Dongnan Wu
2026
Progressive Planning and Reinforced Reasoning: Large Language Model-Guided Multi-hop Question Answering over Knowledge Graph
Xiang Li | Runhai Jiao | Ruifan Li | Dongnan Wu | Ruojiao Qiao | Lei Liu
Findings of the Association for Computational Linguistics: ACL 2026
Xiang Li | Runhai Jiao | Ruifan Li | Dongnan Wu | Ruojiao Qiao | Lei Liu
Findings of the Association for Computational Linguistics: ACL 2026
Reinforcement learning, with its interpretable path reasoning, has emerged as a promising paradigm for multi-hop question answering over knowledge graphs. However, existing approaches suffer from two inherent limitations: (1) lacking effective intermediate guidance, agents often fall into aimless exploration when confronted with complex multi-hop questions; and (2) policy networks focus on local neighborhood information, making it difficult to anticipate the long-term consequences of decisions. To address these challenges, we propose a Progressive Planning and Reinforced Reasoning (PPRR) framework.
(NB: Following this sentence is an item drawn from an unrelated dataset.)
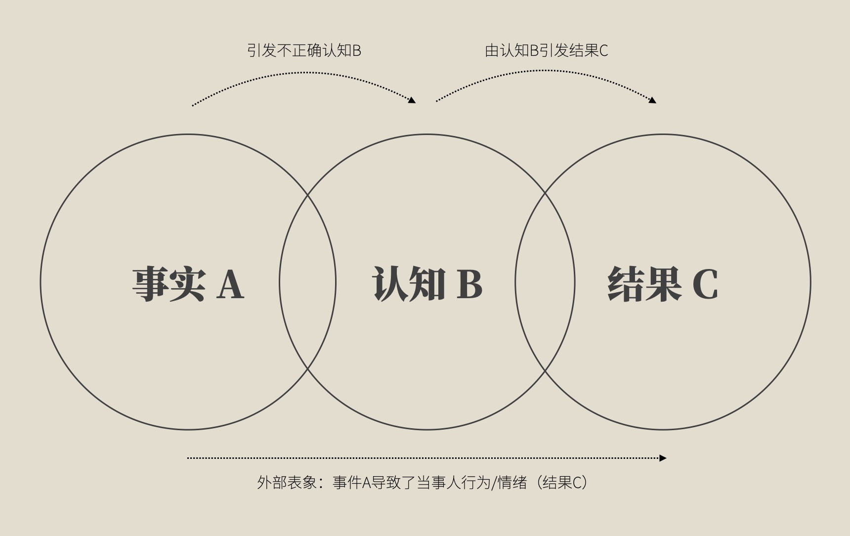 事实 A 引发的认知 B 在发生偏差后,导致了偏差行为结果 C,外归因就是将 A 和 B 混为一谈,将他们认为的外部环境当成了引导结果 C 的根本原因。一些外归因是用来逃避责任的,例如职场里常常遇到的那些一到关键时候会认为一切错误都源自于别人的人;而另一些外归因是用来逃避自我审视的,例如将原生家庭作为自己不幸的最终解释权,用原生家庭掩盖了自己应该做出改变和「长大」的责任,用来作为伤害他人甚至自己的借口和依据。

Specifically, we introduce large language models as multi-hop reasoning planners, converting decomposed sub-question sequences into stepwise decision guidance and thereby granting the agent human-like, step-by-step problem-solving capabilities. In addition, we design a structure-aware lookahead policy network, which explicitly models inter-node dependencies along the multi-hop reasoning process and performs lookahead value evaluations for candidate actions, thereby enhancing the agent’s global state awareness and decision foresight in complex environments. Finally, we conducted extensive experiments on four public multi-hop question answering benchmarks and one domain-specific dataset. The results demonstrate that our framework surpasses state-of-the-art methods while demonstrating strong generalization.